▶ [Task prompt]:
The data should be written out in full, exactly as it stands, and the pictures dropped.

▶ [Provided records]:
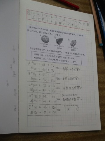 30円引きと2割引きの場合で,どちらが安いかについて調べます。
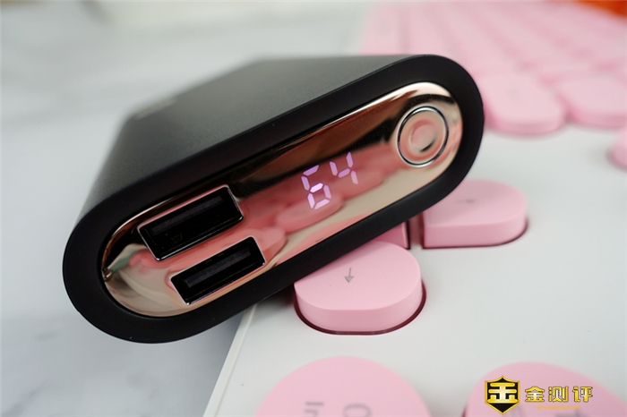 顶部的香槟金色和其外壳的磨砂黑融为一体,非常的漂亮,左边设计了两个USB快充输出口,中间位置是智能数显区域,会显示当前的电量,右边则是智能按钮。
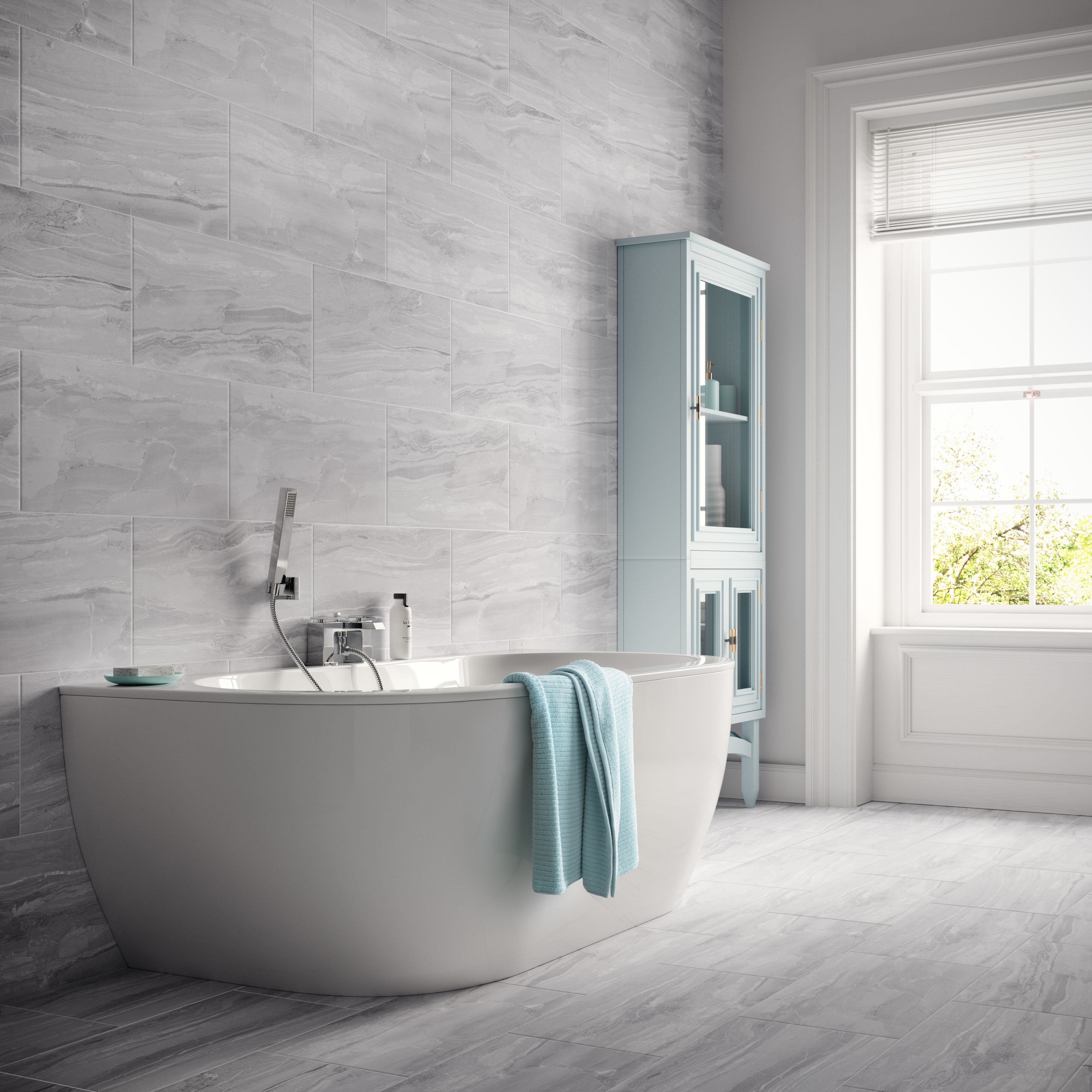 Fossilised wood Silver Stone effect Ceramic Wall & floor
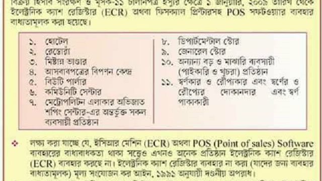 হোটেল, রেস্টুরেন্ট, কমিউনিটি সেন্টার সহ মেট্রপলিটন এলাকার যাবতীয় শপিংমলে Point of sale software বাধ্যতামূলক করেছে কাস্টকমস, এক্সাইজ ও ভ্যাট কমিশন। ইলেক্টিক ক্যাশ রেজিস্টার ব্যবহার না করা মূল্য সংযোজন আইন ১৯৯১ অনুযায়ী দণ্ডনীয় অপরাধ।
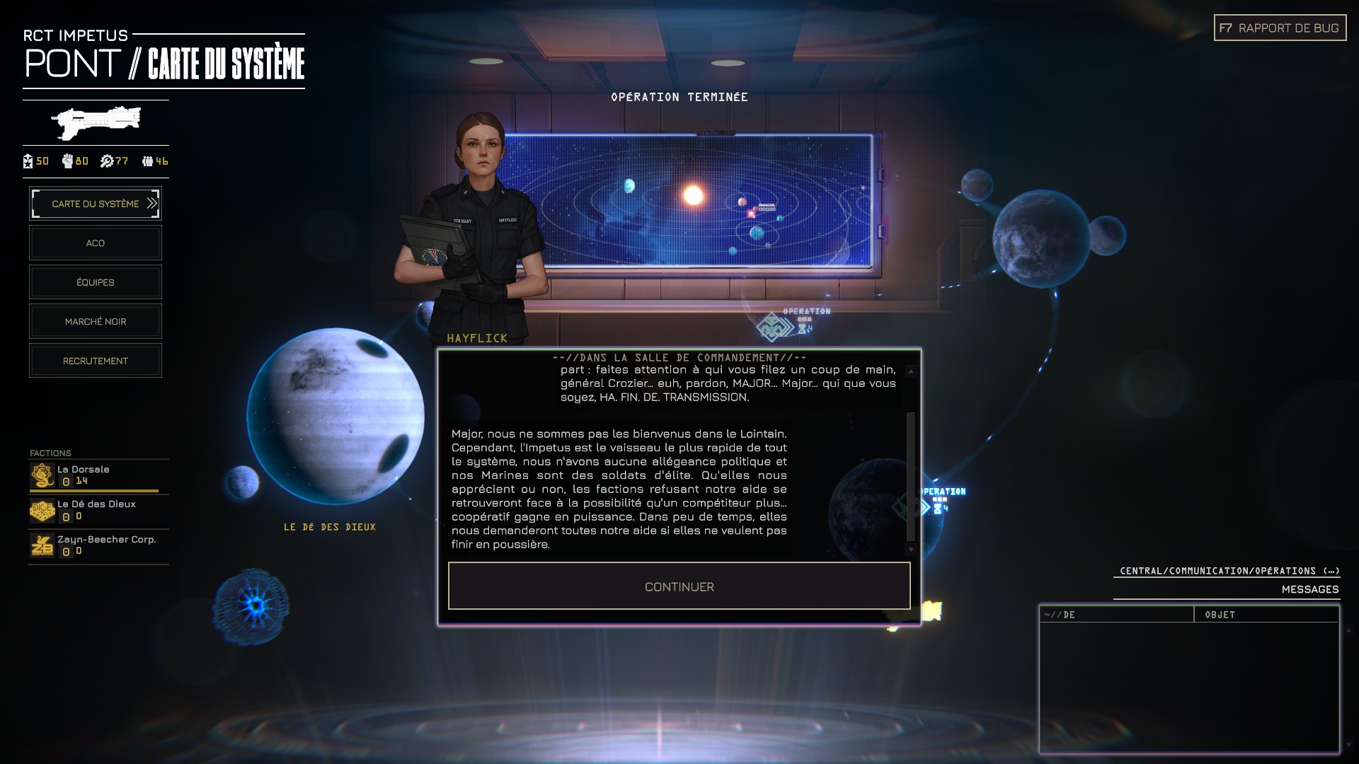 Les missions sont groupées au sein de mini campagnes composées d’affrontements successifs avec différents scénarios vous faisant progresser le long d’une arborescence (oui, des arbres en campagne c’est logique) vous permettant le choix entre plusieurs types de missions, vous faisant d’affronter plusieurs factions humaines telles que des pirates (comme pour la démo), des troupes renégates, mais aussi diverses espèces d’extraterrestres à l’aspect d’insectes sous stéroïdes. Tout ceci avant d’être confronté à la MENACE dont on ne vous divulguera pas la nature, si ce n’est que c’est un acronyme (oui, on ne soulignera jamais assez le danger des acronymes).
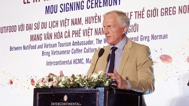 | Golf legend Greg Norman - Tourism Ambassador of Vietnam for 2018-2021 - speaks at the MoU signing ceremony in HCM City - Photo: VNA |
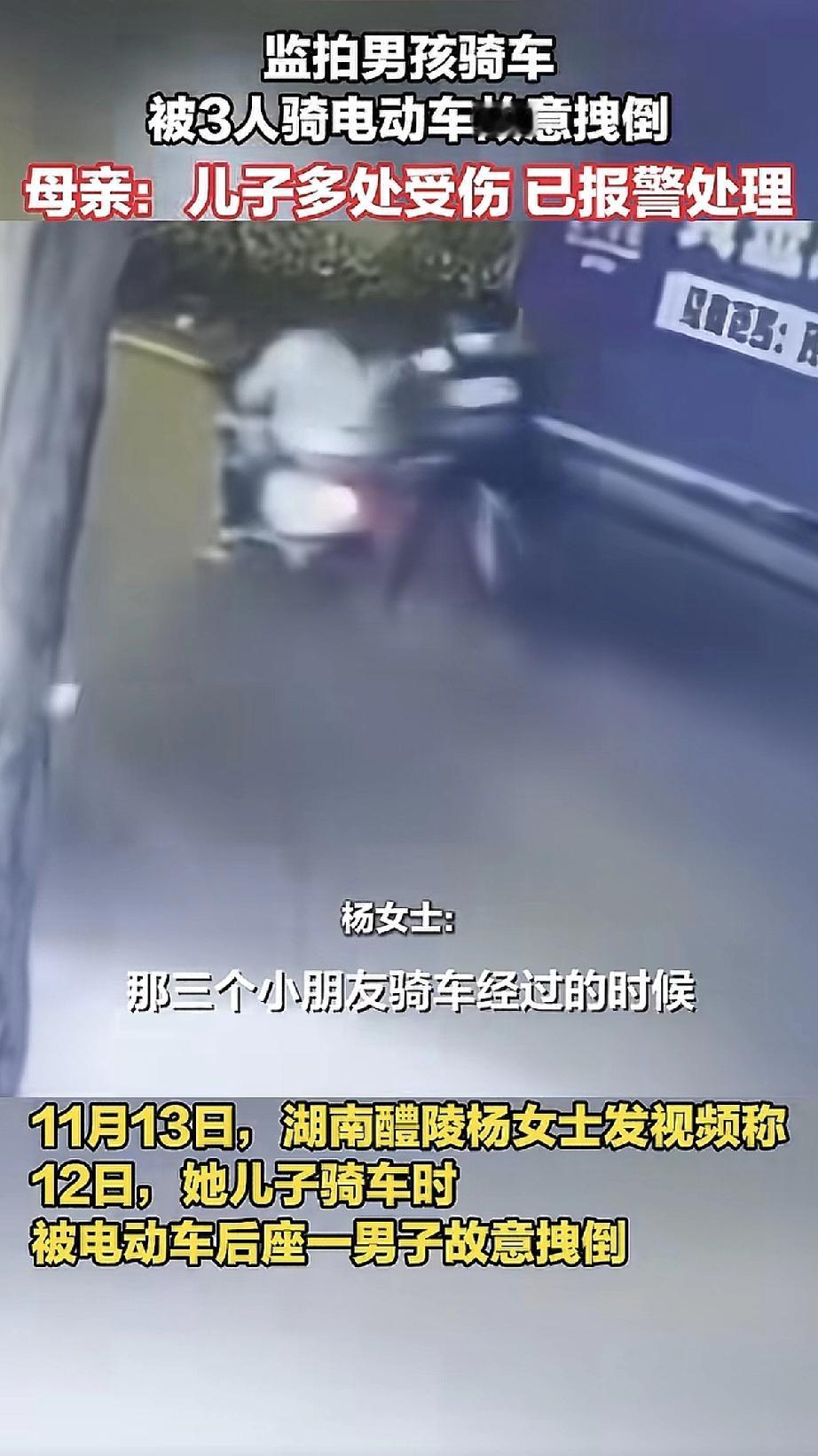 最近在湖南发生了一件让人生气的事。一个男孩在路上正常骑自行车,突然被三个骑电动车的年轻人故意拽倒,重重摔在地上。 监控拍下了整个过程。孩子的妈妈说,儿子身上多处受伤,现在已经报警处理了。 这种故意伤害别人的行为实在太恶劣了,好在有监控证据。希望警方能尽快找到那三个人,让他们承担应有的责任和应有的教训。
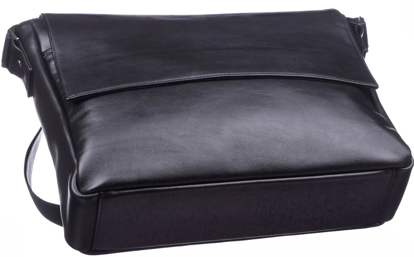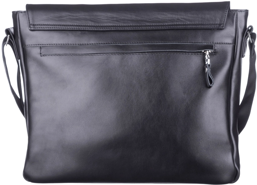На задней стенке есть скрытый карман на застежке, который прикрывается кожей. Закрывается сумка с помощью клапана с магнитами. При открытии глубокий накладной карман.

▶ [Solution to this task]:
 30円引きと2割引きの場合で,どちらが安いかについて調べます。
 顶部的香槟金色和其外壳的磨砂黑融为一体,非常的漂亮,左边设计了两个USB快充输出口,中间位置是智能数显区域,会显示当前的电量,右边则是智能按钮。
 Fossilised wood Silver Stone effect Ceramic Wall & floor
 হোটেল, রেস্টুরেন্ট, কমিউনিটি সেন্টার সহ মেট্রপলিটন এলাকার যাবতীয় শপিংমলে Point of sale software বাধ্যতামূলক করেছে কাস্টকমস, এক্সাইজ ও ভ্যাট কমিশন। ইলেক্টিক ক্যাশ রেজিস্টার ব্যবহার না করা মূল্য সংযোজন আইন ১৯৯১ অনুযায়ী দণ্ডনীয় অপরাধ।
 Les missions sont groupées au sein de mini campagnes composées d’affrontements successifs avec différents scénarios vous faisant progresser le long d’une arborescence (oui, des arbres en campagne c’est logique) vous permettant le choix entre plusieurs types de missions, vous faisant d’affronter plusieurs factions humaines telles que des pirates (comme pour la démo), des troupes renégates, mais aussi diverses espèces d’extraterrestres à l’aspect d’insectes sous stéroïdes. Tout ceci avant d’être confronté à la MENACE dont on ne vous divulguera pas la nature, si ce n’est que c’est un acronyme (oui, on ne soulignera jamais assez le danger des acronymes).
 | Golf legend Greg Norman - Tourism Ambassador of Vietnam for 2018-2021 - speaks at the MoU signing ceremony in HCM City - Photo: VNA |
 最近在湖南发生了一件让人生气的事。一个男孩在路上正常骑自行车,突然被三个骑电动车的年轻人故意拽倒,重重摔在地上。 监控拍下了整个过程。孩子的妈妈说,儿子身上多处受伤,现在已经报警处理了。 这种故意伤害别人的行为实在太恶劣了,好在有监控证据。希望警方能尽快找到那三个人,让他们承担应有的责任和应有的教训。
На задней стенке есть скрытый карман на застежке, который прикрывается кожей. Закрывается сумка с помощью клапана с магнитами. При открытии глубокий накладной карман.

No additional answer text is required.